#### Material provided:
▬▬▬▬▬▬▬▬▬▬

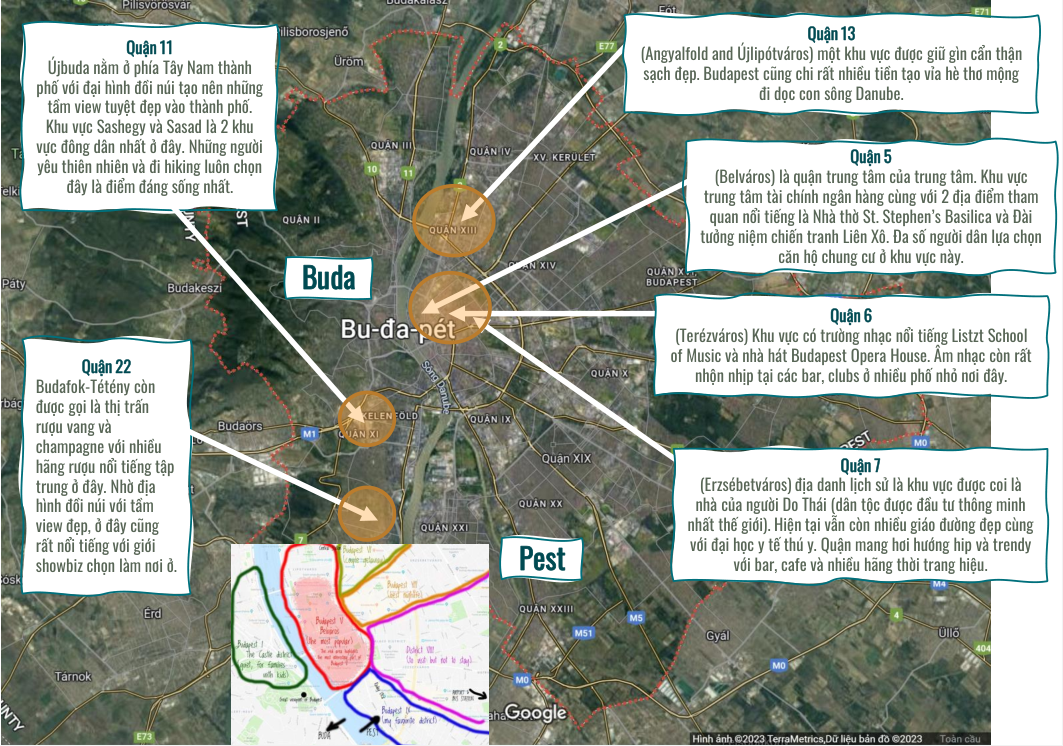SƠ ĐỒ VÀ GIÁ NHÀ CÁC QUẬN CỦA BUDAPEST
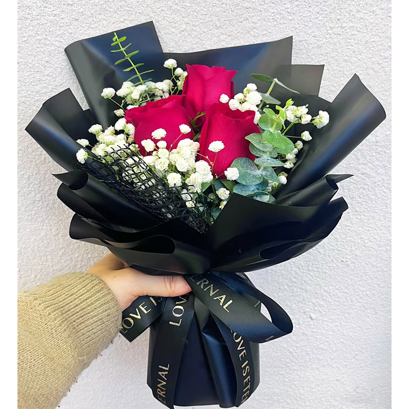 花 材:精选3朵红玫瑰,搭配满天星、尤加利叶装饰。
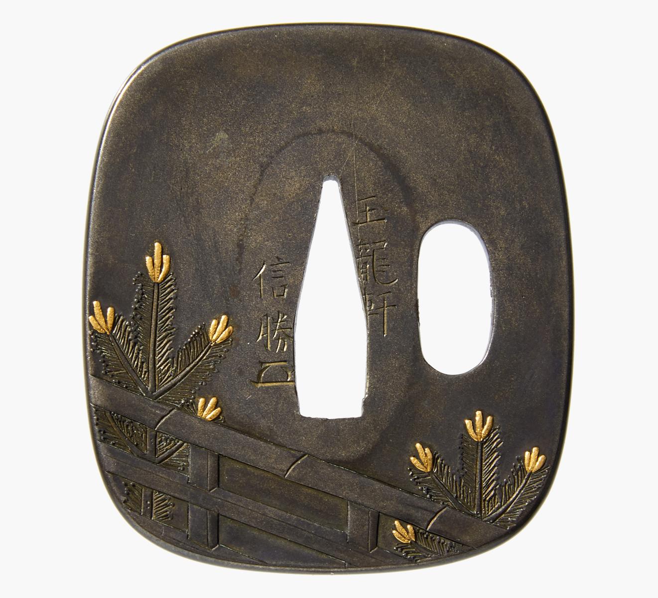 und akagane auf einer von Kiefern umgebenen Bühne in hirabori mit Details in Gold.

▬▬▬▬▬▬▬▬▬▬

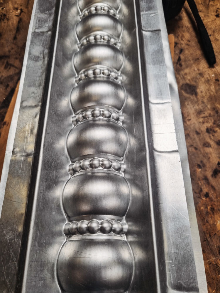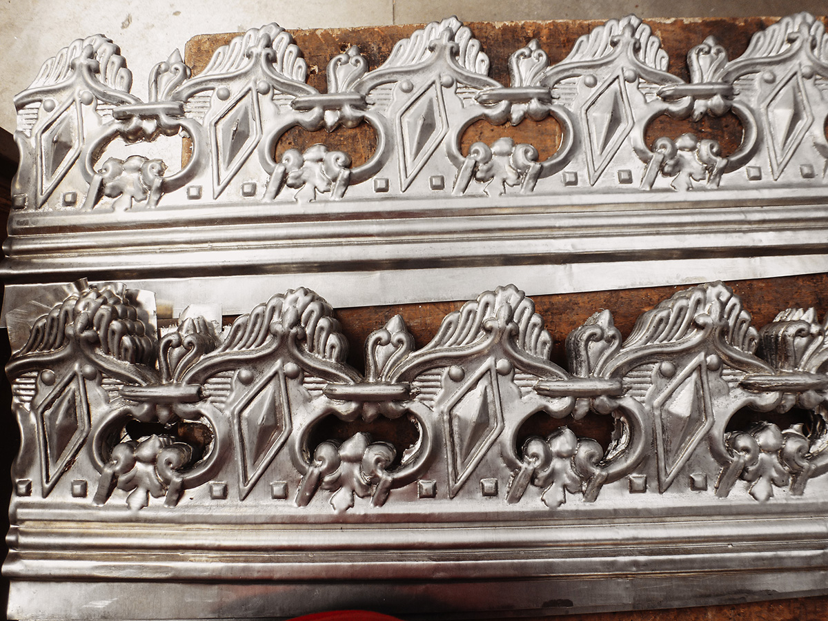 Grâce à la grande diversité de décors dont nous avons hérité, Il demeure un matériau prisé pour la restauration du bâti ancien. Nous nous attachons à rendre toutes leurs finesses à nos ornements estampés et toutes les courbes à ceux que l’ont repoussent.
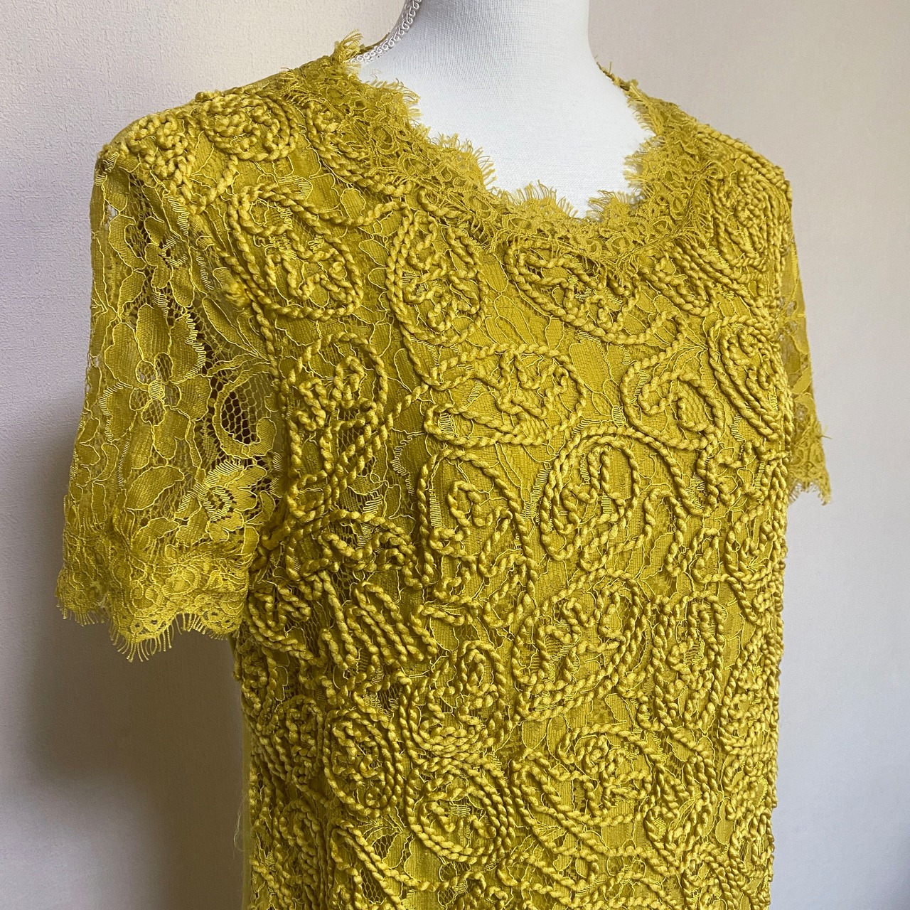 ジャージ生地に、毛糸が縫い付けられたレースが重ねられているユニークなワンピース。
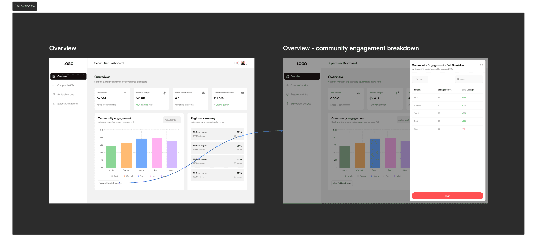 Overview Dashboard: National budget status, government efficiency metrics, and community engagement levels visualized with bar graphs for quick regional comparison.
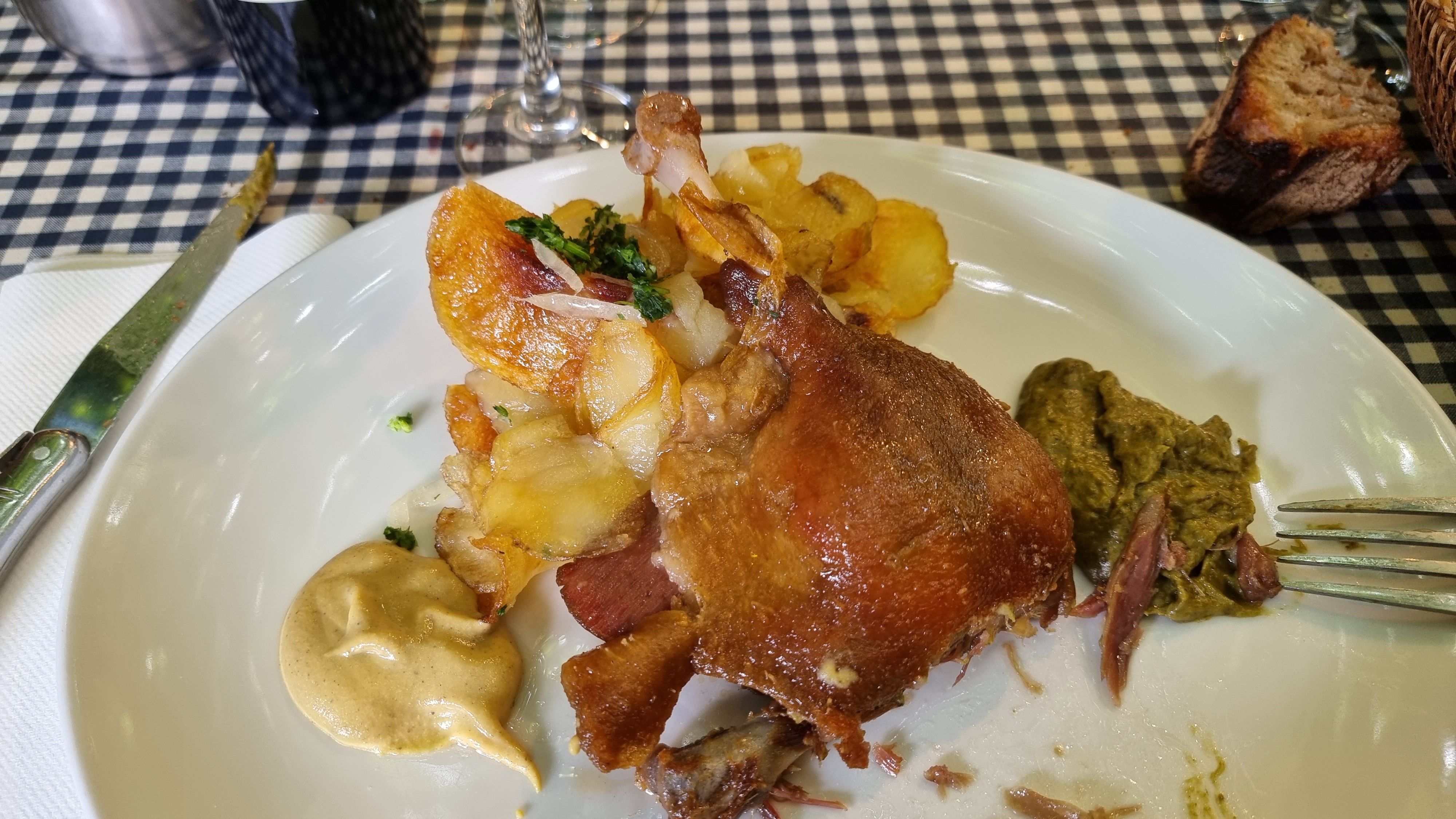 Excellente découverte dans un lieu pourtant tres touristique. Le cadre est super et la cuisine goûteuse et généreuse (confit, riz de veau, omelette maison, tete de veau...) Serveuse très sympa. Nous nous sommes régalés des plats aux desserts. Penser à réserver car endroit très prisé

▬▬▬▬▬▬▬▬▬▬

#### What you should do:
Going by the data above, the answer is exactly the lines from the one holding "SƠ ĐỒ VÀ GIÁ NHÀ CÁC QUẬN CỦA BUDAPEST" to the one holding "und akagane auf", both kept, with the pictures left out.

#### Solution below:
SƠ ĐỒ VÀ GIÁ NHÀ CÁC QUẬN CỦA BUDAPEST
 花 材:精选3朵红玫瑰,搭配满天星、尤加利叶装饰。
 und akagane auf einer von Kiefern umgebenen Bühne in hirabori mit Details in Gold.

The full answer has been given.